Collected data
++++++++++

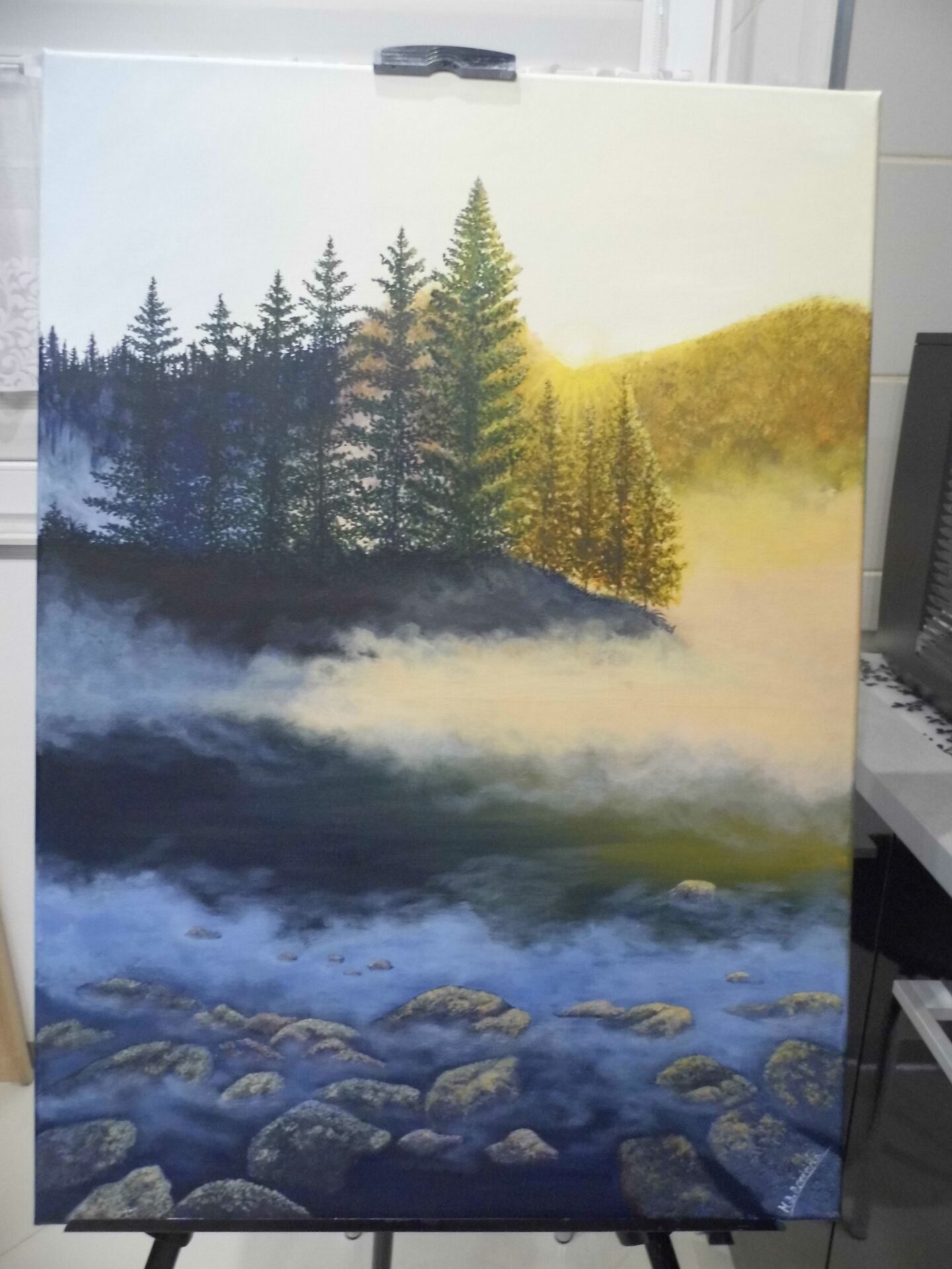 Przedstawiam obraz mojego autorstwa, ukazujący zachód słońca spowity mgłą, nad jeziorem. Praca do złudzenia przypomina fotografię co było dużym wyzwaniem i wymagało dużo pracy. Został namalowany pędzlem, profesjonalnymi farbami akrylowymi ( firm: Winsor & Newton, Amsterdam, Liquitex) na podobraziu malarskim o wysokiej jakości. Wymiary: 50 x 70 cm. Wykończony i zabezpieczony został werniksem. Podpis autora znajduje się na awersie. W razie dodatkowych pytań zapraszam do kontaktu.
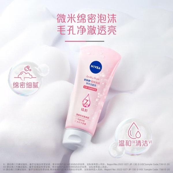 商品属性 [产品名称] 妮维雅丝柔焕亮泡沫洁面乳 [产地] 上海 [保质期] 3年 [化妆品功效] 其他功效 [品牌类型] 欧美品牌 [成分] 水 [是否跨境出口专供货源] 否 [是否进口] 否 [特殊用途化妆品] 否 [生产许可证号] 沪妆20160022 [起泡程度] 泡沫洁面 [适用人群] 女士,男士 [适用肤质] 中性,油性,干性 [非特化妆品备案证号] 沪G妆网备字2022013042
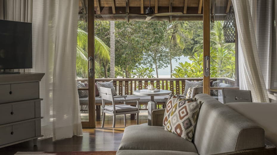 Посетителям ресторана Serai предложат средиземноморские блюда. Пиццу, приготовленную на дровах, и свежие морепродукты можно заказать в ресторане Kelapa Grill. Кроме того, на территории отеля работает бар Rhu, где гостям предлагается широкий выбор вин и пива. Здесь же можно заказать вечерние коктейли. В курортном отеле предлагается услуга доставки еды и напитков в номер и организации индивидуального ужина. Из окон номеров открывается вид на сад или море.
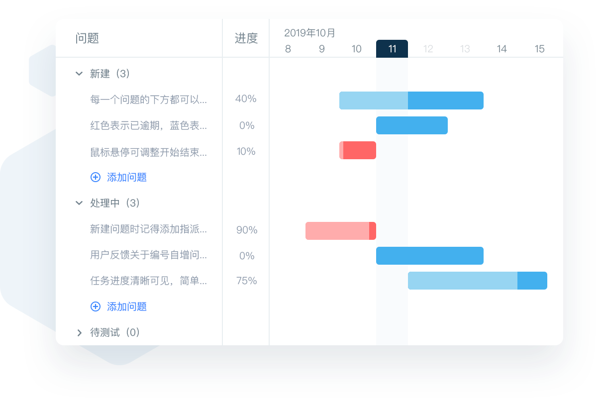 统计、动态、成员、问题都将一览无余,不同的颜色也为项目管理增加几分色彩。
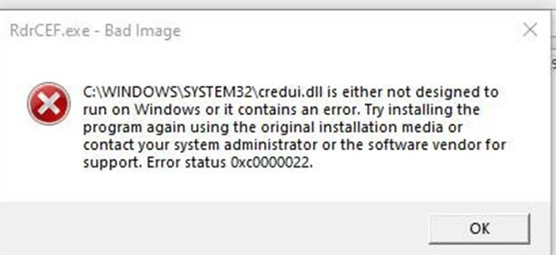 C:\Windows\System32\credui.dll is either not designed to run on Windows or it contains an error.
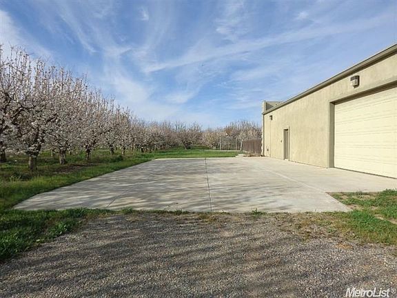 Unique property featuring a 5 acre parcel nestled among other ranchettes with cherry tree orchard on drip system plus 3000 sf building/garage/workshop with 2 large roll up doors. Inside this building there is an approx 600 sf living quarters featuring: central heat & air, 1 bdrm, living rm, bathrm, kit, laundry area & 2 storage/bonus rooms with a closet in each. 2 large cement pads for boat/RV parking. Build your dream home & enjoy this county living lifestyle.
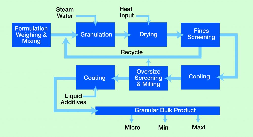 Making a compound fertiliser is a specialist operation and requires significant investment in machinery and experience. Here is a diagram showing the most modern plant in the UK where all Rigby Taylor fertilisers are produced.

++++++++++

-- What is needed --
Reproduce the lines above, exactly and exclusively, from the line containing "Посетителям ресторана Serai" down to the last line, both included; pictures are not part of the copy.

-- Output --
 Посетителям ресторана Serai предложат средиземноморские блюда. Пиццу, приготовленную на дровах, и свежие морепродукты можно заказать в ресторане Kelapa Grill. Кроме того, на территории отеля работает бар Rhu, где гостям предлагается широкий выбор вин и пива. Здесь же можно заказать вечерние коктейли. В курортном отеле предлагается услуга доставки еды и напитков в номер и организации индивидуального ужина. Из окон номеров открывается вид на сад или море.
 统计、动态、成员、问题都将一览无余,不同的颜色也为项目管理增加几分色彩。
 C:\Windows\System32\credui.dll is either not designed to run on Windows or it contains an error.
 Unique property featuring a 5 acre parcel nestled among other ranchettes with cherry tree orchard on drip system plus 3000 sf building/garage/workshop with 2 large roll up doors. Inside this building there is an approx 600 sf living quarters featuring: central heat & air, 1 bdrm, living rm, bathrm, kit, laundry area & 2 storage/bonus rooms with a closet in each. 2 large cement pads for boat/RV parking. Build your dream home & enjoy this county living lifestyle.
 Making a compound fertiliser is a specialist operation and requires significant investment in machinery and experience. Here is a diagram showing the most modern plant in the UK where all Rigby Taylor fertilisers are produced.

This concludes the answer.